= Description of the task =
Return the material below exactly, but only from the line with "Z budov v meste" through the line with "14K YELLOW GOLD", and without its pictures.

= Data to examine =
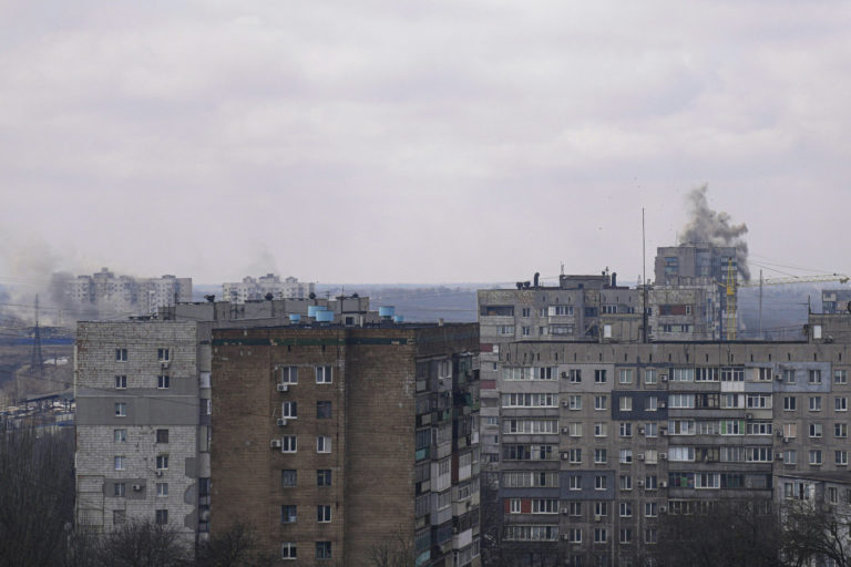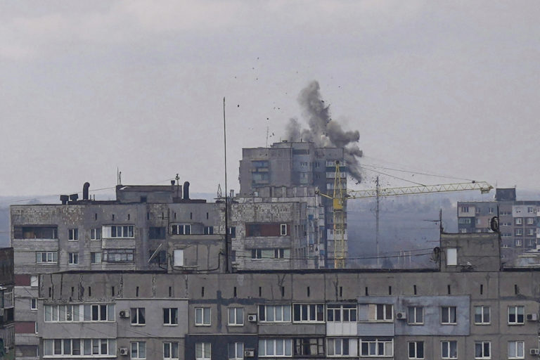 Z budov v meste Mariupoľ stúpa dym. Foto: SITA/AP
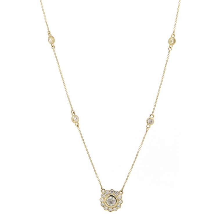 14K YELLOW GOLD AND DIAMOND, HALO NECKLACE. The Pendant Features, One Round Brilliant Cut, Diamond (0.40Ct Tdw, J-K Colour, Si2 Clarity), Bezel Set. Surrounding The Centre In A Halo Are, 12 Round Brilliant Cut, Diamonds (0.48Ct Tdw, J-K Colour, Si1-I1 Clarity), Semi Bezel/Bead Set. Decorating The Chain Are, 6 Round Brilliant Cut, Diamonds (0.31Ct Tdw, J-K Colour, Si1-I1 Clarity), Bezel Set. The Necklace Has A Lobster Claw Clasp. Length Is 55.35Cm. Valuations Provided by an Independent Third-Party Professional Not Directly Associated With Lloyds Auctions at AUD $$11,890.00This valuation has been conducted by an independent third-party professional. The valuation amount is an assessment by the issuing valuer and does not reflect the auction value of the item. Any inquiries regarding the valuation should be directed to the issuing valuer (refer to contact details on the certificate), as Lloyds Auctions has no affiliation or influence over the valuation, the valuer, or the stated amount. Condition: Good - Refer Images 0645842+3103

* * *

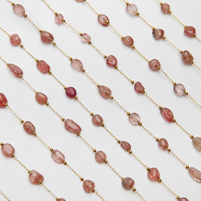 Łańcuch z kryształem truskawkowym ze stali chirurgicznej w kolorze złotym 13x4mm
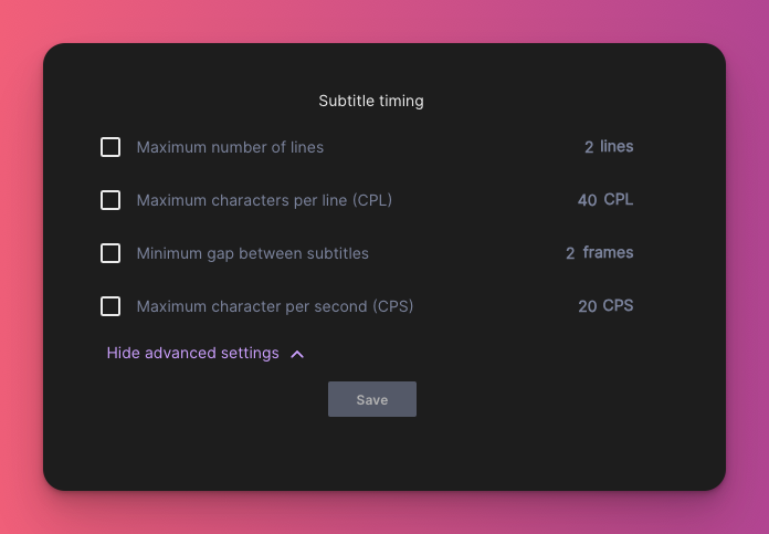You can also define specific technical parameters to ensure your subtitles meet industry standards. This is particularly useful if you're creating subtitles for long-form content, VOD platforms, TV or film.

= Response below =
 Z budov v meste Mariupoľ stúpa dym. Foto: SITA/AP
 14K YELLOW GOLD AND DIAMOND, HALO NECKLACE. The Pendant Features, One Round Brilliant Cut, Diamond (0.40Ct Tdw, J-K Colour, Si2 Clarity), Bezel Set. Surrounding The Centre In A Halo Are, 12 Round Brilliant Cut, Diamonds (0.48Ct Tdw, J-K Colour, Si1-I1 Clarity), Semi Bezel/Bead Set. Decorating The Chain Are, 6 Round Brilliant Cut, Diamonds (0.31Ct Tdw, J-K Colour, Si1-I1 Clarity), Bezel Set. The Necklace Has A Lobster Claw Clasp. Length Is 55.35Cm. Valuations Provided by an Independent Third-Party Professional Not Directly Associated With Lloyds Auctions at AUD $$11,890.00This valuation has been conducted by an independent third-party professional. The valuation amount is an assessment by the issuing valuer and does not reflect the auction value of the item. Any inquiries regarding the valuation should be directed to the issuing valuer (refer to contact details on the certificate), as Lloyds Auctions has no affiliation or influence over the valuation, the valuer, or the stated amount. Condition: Good - Refer Images 0645842+3103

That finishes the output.